An Exploration of CHRIS PROBA Hyperspectral Imagery for Obtaining Burnt Area Cartography
Petropoulos, George1; Kontoes, Charalambos2
1ABERYSTWYTH UNIVERSITY, UNITED KINGDOM; 2NATIONAL OBSERVATORY OF ATHENS, GREECE

Accurate burnt area delineation in a rapid and cost-effective way can provide significant assistance in the development of protection and restoration policies as well as in the future monitoring of fire activity in an affected region. Nowadays, Earth Observation (EO) data, often combined with Geographical Information Systems (GIS) are widely used in different types of natural hazards including wildfires. The recent technological advances in remote sensors technology have resulted in the development of hyperspectral remote sensing systems, which, in contrast to multispectral data, are able to collect spectral information in a large number of discrete, narrow spectral bands. As a result, those systems are able to provide very rich spectrally information content that enhances dramatically our ability to accurately identify different targets on the Earth's surface.

The Compact High Resolution Imaging Spectrometer (CHRIS) is a hyperspectral instrument onboard PROBA platform operated from the European Space Agency (ESA). The sensor is able to collect spectral data in up to five different viewing angles and at 19 spectral bands (fully programmable) in the VNIR range (400 - 1050 nm) and at a spatial resolution of 17m. It can also be configured to provide 63 spectral bands at a spatial resolution of about 34 m.

The present study aims at exploring the use of CHRIS instrument in burnt area delineation when combined with different image processing approaches. As a case study it selected a major destructive fire occurred during the summer of 2007 in the Prefecture of Evoia in Greece located north-east of Athens, for which CHRIS PROBA imagery was acquired shortly after the fire suppression. Evaluation of the burnt area mapping estimates from CHRIS was based on the computation of the error matrix statistics. Also, the McNemar test was used to evaluate the statistical significance of the differences between the approaches tested. Burnt area estimates from CHRIS were also further validated against validated estimates from the Risk-EOS Burnt Scar Mapping service, developed in the framework of the GMES-SE programme (Global Monitoring for Environmental Security/Service Element) of ESA.

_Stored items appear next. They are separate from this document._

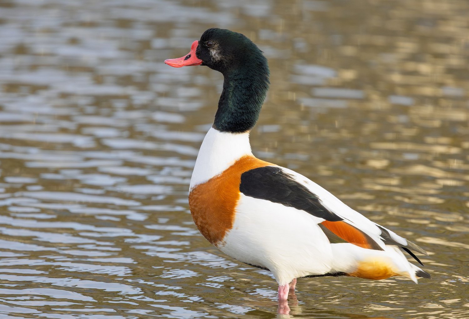 The Common Shelduck (Tadorna tadorna) is a striking waterfowl of coastal estuaries and inland lagoons. Males show a chestnut breast band and glossy head markings while females are paler and slightly smaller. They feed by dabbling and sifting for invertebrates in muddy shores and shallow waters.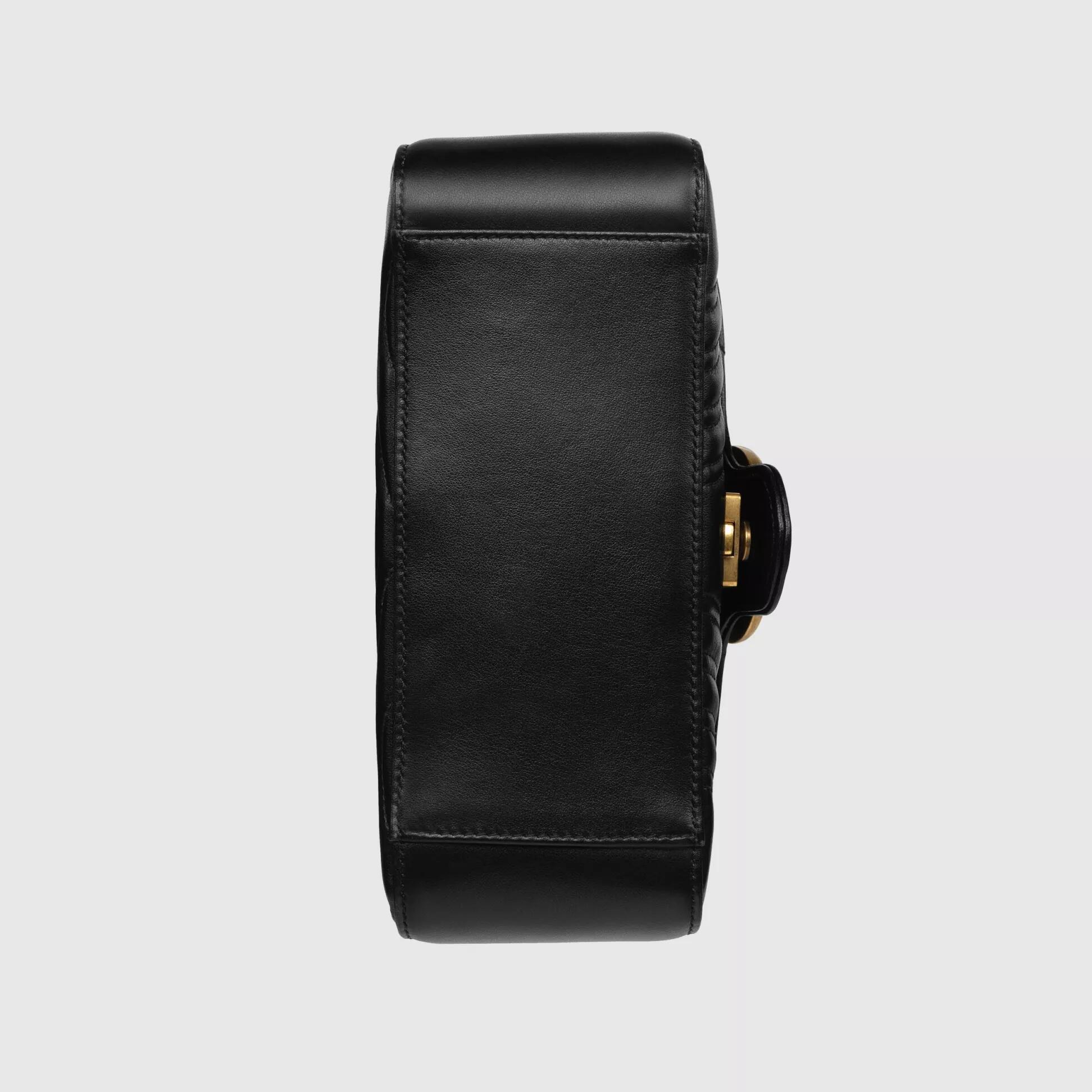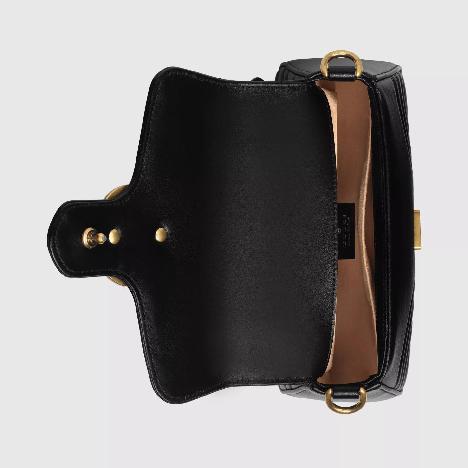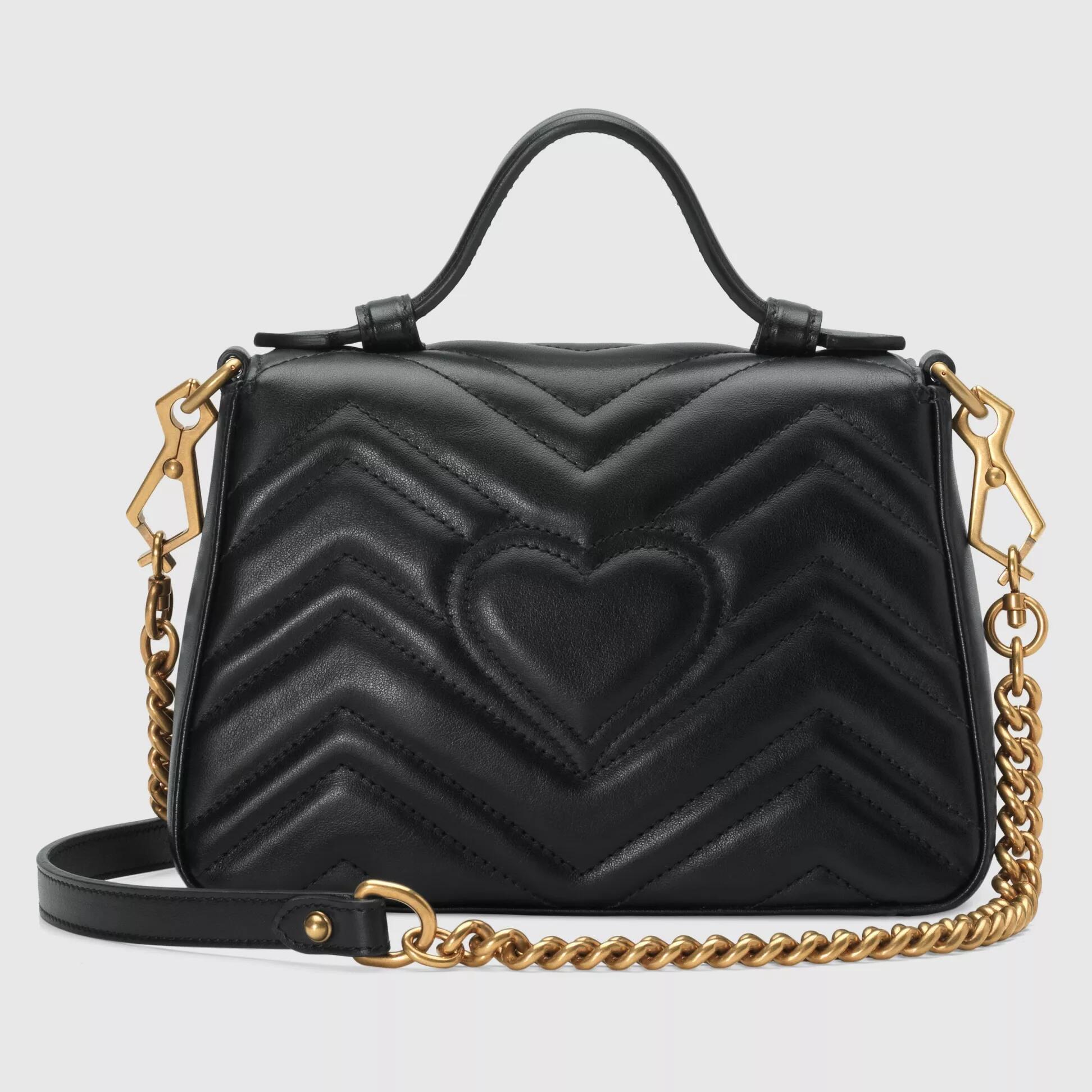 ソフトなストラクチャードシェイプにダブルG ハードウェア付きのオーバーサイズ フラップ クロージャーを組み合わせた〔GGマーモント〕の最新作。シェブロン デザインのキルティング レザーを使用し、バックにハートをあしらったデザイン。レザー トップハンドルとチェーン ショルダーストラップが付いています。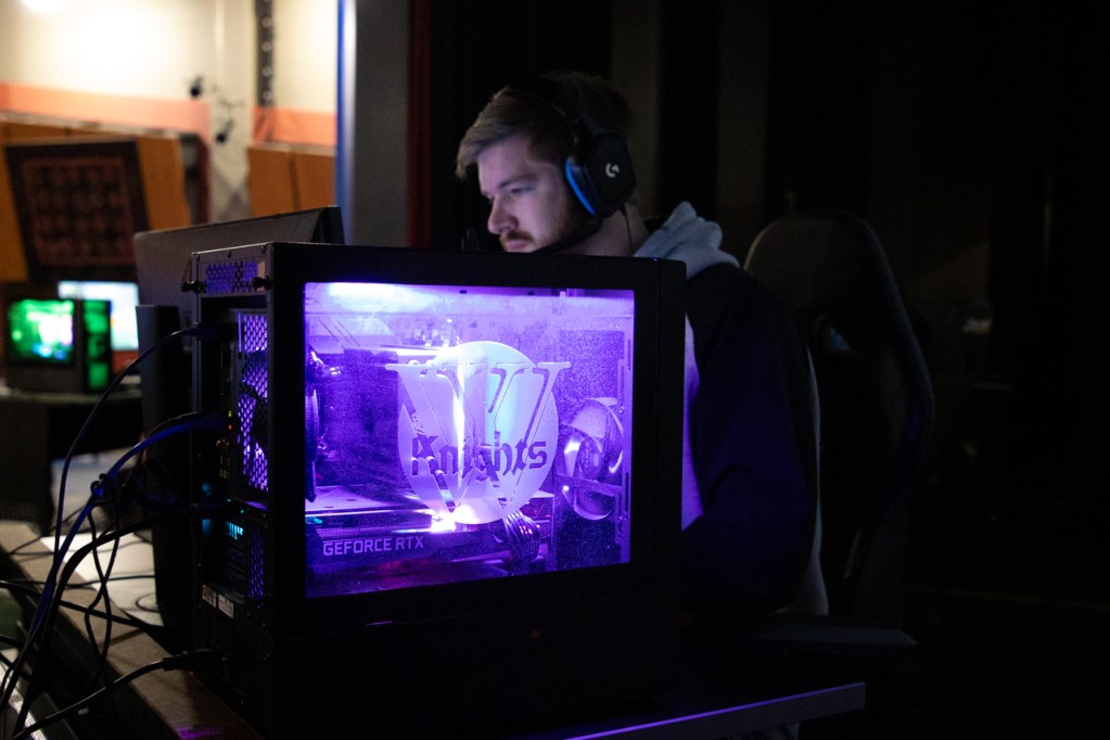 The Wartburg Knights logo on the PC glows. Photo by Addy Wells.

In overall, results from our study exemplified the appropriateness of the spatial and spectral resolution of CHRIS sensor and of its multi-look capability in obtaining rapid and cost-effective post-fire analysis, producing enhancing the thematic accuracy of mapping and advancing the thematic content of the fire recovery products compared to the ones generated in the framework of RiskEOS operational service. It appears that if hyperspectral technology is incorporated into the operational development of services for the estimation of burnt areas, the resulting combination should prove highly useful and additional information as far as the analysis of changes to land cover types due to natural hazards are concerned, therefore adding to the common Burn Scar Mapping product a new information layer with damage assessments directly derived from the use of hyperspectral EO data.

KEYWORDS: CHRIS, PROBA, burnt area mapping, hyperspectral, Risk-EOS, Greece.